Certainly, many are "underemployed".  We have preached the necessity to get a college degree.  We have told kids not to worry about building huge piles of college debt.  We have assumed they would all find high paying jobs in already saturated fields.  In the meantime, we have steered kids away from the trades and from more technical work.  Now, there is a shortage of construction workers, medical technicians, etc.  There is a glut of history majors, graphic arts majors, etc.  

Our firm won't let me retire.  I'm 68 years old and they insist that I continue working 50 hours/week.  There just aren't folks out there prepared to do what I do.  One of our offices is looking for Engineers and would hire those with experience on the spot.  They just aren't out there!!  

As I've said before, on this discussion board, not one of our kids went to college out of high school and all have remained gainfully employed.  Knock on wood, not one of our kids or their spouses has ever moved from one job unless they have had a better one waiting.  

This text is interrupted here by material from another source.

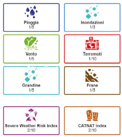 (Pioggia, Inondazioni, Vento, Terremoti, Grandine, Frane) e 2 indici di sintesi (il Severe Weather Risk Index e il CatNat Index).

If you want work... If you really want work and will go where the work is and will exhibit good work ethic, you can find work in the U.S. today.  If the area in which you live happens to fall into one of the higher unemployment locations and you are not willing to move... you will be unemployed or underemployed.  If you can't show up on time, show up sober, show up willing to work harder and longer than anyone else there... you will be unemployed or underemployed.  If you are assuming you are 'owed' employment and do not feel it necessary to learn something new every day... you will be unemployed or underemployed.


----------



## SeaBreeze (Jan 10, 2015)

BobF said:


> Who is this Mitchie you speak of QuickSilver.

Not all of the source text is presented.